• BA - Ausgangssperre Tag 15

    April 4, 2020 in Argentina ⋅ ⛅ 19 °C

    15 lange Tage Ausgangssperre liegen hinter uns ... keiner weiß wie viele noch vor uns liegen, aber die Hoffnung lebt, dass es nicht mehr allzu viele werden! Wenn man den ganzen Tag zuhause ist, hat man viel Zeit zu hören, zu sehen und zu lesen ... und irgendwann verspürt man das dringende Bedürfnis zu einigen Dingen auch mal seine Meinung zu sagen! Mal unter uns ... da entdecke ich bei Facebook einen Kommentar, wo die Bundesregierung als Kadaver beschimpft wird und die aktuellen Maßnahmen als Freiheitsberaubung bezeichnet werden - den Rest erspare ich euch jetzt mal ...! Wir sind hier schon jedes mal irgendwo zwischen hysterischem Lachkrampf und therapiewürdigem Aggressionspotenzial, wenn jemand im Zusammenhang mit Deutschland von Lagerkoller oder Ausgangssperre redet, aber Freiheitsberaubung?! Jetzt wird's echt lächerlich... Nur mal so zum Vergleich: in Deutschland darf man in seinen Kleingarten gehen, man darf joggen, spazieren gehen, Fahrrad fahren, viele Menschen gehen noch arbeiten, ... das alles darf man mit allen im eigenen Haushalt lebenden Menschen gemeinsam tun oder mit einer anderen Person im Abstand von 1,5m! In Argentinien darf man nur zum Arzt oder zum Einkaufen, ansonsten muss man zuhause bleiben, die Polizei patrouilliert und kontrolliert gefühlt an jeder Straßenecke, wenn man keinen Grund für das Unterbrechen der Ausgangssperre vorweisen kann, besteht das Risiko verhaftet zu werden bzw. eine Geldstrafe zu zahlen. By the way ... hier wurden schon vom Jogger bis zum Reisebus mehrere tausend Menschen und knapp 1000 Fahrzeuge von der Polizei aus dem Verkehr gezogen. In die Supermärkte darf nur eine Person pro Familie, die maximale Einkaufsmenge für Milch, Seife, Klopapier und Co sind vorgegeben! Das hat allerdings den Vorteil, dass genug für alle da ist. Arbeiten geht nur, wer einen gesellschaftlich relevanten Job hat. Guckt man zu den Nachbarn sehen die Einschränkungen teilweise noch gravierender aus, in Peru wird anhand des Geschlechts vorgeschrieben, an welchem Tag man raus darf ... Montags, Mittwochs und Freitags Frauen - Dienstags, Donnerstags und Samstags Männer - Sonntags bleiben alle zuhause. In Mittelamerika gibt's Länder, in denen die Menschen genau 2 Stunden pro Woche raus dürfen für alle wichtigen Besorgungen ... wenn man es in dieser Zeit nicht zum Supermarkt und zur Apotheke schafft, hat man schlichtweg Pech gehabt und muss eine Woche auf die nächste Chance warten!
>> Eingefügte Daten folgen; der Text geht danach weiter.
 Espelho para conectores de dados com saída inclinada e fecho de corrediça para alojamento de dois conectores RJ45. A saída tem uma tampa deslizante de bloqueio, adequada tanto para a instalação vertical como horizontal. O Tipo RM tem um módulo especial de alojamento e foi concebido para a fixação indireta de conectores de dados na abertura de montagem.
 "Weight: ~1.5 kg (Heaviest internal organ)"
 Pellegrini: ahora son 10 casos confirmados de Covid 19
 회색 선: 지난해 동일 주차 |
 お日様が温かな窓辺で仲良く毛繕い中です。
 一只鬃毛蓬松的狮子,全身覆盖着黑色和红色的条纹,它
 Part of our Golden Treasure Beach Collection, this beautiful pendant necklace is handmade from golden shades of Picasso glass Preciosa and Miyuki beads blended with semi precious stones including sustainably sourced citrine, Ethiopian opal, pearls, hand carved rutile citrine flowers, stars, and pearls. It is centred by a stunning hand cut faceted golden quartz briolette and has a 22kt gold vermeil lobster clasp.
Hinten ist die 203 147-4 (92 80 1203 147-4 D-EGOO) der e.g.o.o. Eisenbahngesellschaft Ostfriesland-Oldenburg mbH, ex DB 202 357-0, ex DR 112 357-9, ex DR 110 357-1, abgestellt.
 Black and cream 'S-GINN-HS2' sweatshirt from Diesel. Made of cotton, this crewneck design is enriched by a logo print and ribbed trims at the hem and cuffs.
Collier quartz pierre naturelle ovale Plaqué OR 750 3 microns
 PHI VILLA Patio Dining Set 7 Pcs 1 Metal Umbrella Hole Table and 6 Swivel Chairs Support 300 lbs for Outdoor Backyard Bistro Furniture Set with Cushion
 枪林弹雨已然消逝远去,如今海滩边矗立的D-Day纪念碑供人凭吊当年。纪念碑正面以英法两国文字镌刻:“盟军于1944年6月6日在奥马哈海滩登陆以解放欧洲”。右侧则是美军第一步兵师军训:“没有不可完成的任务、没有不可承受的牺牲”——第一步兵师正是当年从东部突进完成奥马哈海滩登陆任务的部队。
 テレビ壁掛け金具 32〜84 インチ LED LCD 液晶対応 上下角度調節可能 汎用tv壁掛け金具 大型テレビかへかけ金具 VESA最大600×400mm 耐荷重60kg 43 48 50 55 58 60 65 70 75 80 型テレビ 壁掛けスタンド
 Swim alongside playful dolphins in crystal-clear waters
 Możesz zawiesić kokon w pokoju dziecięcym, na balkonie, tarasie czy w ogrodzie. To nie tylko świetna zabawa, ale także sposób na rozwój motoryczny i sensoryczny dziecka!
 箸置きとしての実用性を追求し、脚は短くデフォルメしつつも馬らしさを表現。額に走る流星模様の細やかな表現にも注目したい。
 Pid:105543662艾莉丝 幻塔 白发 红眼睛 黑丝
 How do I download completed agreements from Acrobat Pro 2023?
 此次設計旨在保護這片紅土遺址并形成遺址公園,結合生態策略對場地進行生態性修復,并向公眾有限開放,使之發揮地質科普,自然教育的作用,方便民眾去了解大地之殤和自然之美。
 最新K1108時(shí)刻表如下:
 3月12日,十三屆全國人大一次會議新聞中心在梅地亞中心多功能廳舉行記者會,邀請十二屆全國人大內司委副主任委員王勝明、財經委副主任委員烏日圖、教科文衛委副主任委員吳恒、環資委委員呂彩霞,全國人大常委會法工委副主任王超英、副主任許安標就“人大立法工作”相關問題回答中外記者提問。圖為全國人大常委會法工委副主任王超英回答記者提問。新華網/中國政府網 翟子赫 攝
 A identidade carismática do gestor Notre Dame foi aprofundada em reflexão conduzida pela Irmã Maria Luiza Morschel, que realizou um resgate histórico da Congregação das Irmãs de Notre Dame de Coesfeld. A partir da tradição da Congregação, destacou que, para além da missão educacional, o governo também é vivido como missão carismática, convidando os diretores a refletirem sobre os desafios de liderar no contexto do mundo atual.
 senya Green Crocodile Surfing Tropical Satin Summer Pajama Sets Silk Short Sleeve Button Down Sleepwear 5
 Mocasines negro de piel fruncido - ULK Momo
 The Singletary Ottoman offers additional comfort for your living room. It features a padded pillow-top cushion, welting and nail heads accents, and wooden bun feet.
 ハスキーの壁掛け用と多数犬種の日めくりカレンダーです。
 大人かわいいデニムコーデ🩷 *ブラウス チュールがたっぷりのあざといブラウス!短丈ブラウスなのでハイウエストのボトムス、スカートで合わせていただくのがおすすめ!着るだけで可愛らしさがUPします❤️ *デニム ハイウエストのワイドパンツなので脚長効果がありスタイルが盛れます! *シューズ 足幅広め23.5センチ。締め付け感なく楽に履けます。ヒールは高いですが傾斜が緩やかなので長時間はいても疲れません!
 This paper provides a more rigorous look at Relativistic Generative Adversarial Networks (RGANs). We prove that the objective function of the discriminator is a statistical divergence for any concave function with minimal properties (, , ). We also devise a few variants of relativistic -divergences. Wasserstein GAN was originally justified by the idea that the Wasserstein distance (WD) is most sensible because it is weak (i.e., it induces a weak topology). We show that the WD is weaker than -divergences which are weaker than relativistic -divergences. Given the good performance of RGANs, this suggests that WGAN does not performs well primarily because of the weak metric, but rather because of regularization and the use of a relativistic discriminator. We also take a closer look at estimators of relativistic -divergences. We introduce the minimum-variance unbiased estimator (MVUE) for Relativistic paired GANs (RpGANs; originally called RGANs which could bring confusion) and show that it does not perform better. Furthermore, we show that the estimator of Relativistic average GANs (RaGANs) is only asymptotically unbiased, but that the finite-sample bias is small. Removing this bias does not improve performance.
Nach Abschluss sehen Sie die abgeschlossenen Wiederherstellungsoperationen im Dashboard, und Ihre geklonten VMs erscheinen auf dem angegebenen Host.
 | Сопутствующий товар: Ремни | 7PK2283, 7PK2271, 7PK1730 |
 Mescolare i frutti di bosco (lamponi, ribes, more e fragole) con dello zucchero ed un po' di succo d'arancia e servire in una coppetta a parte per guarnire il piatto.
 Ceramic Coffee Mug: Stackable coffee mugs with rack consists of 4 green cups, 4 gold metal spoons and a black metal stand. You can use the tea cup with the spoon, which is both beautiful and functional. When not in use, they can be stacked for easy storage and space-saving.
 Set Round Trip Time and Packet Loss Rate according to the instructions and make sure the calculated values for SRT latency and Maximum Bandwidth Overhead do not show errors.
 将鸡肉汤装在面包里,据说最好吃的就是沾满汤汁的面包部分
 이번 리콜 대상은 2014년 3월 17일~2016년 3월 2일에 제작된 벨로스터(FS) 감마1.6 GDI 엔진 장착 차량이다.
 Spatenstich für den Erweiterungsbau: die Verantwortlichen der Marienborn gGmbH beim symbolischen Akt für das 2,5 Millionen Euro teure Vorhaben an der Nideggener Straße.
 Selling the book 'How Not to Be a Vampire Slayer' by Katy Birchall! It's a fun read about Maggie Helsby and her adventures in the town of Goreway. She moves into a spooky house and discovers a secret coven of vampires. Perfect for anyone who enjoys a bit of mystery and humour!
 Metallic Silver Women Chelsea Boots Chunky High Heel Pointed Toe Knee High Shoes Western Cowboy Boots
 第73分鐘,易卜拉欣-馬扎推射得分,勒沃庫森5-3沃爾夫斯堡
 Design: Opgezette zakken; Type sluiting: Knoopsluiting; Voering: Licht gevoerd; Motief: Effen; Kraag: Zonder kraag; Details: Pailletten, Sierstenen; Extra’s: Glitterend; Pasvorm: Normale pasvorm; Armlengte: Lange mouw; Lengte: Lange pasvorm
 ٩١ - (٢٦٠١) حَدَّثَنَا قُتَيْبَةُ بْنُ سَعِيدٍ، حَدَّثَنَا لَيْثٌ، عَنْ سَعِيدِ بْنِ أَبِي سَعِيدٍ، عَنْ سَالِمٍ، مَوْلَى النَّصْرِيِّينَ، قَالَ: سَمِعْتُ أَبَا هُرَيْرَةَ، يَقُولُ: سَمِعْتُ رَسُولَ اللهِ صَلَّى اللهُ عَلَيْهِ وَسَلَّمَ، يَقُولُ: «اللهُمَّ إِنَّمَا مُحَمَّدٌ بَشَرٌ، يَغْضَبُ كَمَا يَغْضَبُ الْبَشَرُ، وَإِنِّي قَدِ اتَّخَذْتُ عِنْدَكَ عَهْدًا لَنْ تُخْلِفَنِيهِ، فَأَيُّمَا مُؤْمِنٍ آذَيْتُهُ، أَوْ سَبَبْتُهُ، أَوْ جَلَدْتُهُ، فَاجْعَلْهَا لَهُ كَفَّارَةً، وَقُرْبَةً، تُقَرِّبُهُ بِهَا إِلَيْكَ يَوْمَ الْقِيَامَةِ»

    Aber nochmal zurück zu Argentinien. Wer jetzt schon glaubt, das bisher Geschriebene sei schlimm, der liest jetzt besser nicht weiter ... Tag für Tag das gleiche Bild alte, klapprige Gestalten, die im Park versuchen Eis oder gekühlte Getränke zu verkaufen, Männer (jeden Alters), deren Körpern man die Arbeit ansieht, tragen unfassbar große Säcke mit Plastikflaschen oder ziehen wie ein Esel einen Karren durch die Straßen, auf dem sich Pappe und Plastik stapeln ... Bankkonto? Fehlanzeige! Wohnort? Armenviertel! Der tägliche Lohn für den Knochenjob? Ein paar Cent pro Kilo, um sich (und der Familie) abends etwas zu essen kaufen zu können! Und jetzt? Ausgangssperre! Keine Arbeit, kein Geld, kein Essen ... Lösung? Verhungern ... Ausgangssperre brechen ... Was würdet ihr tun? Hier hat zum Glück der argentinische Staat eingegriffen und dem Militär die Zuständigkeit übergeben, die Menschen mit Nahrung zu versorgen, um so die Einhaltung der Ausgangssperre zu sichern.
    Mit dem Wissen um all das und noch mehr, frage ich mich und euch ernsthaft... welchen Grund hat Deutschland nochmal, sich zu beschweren?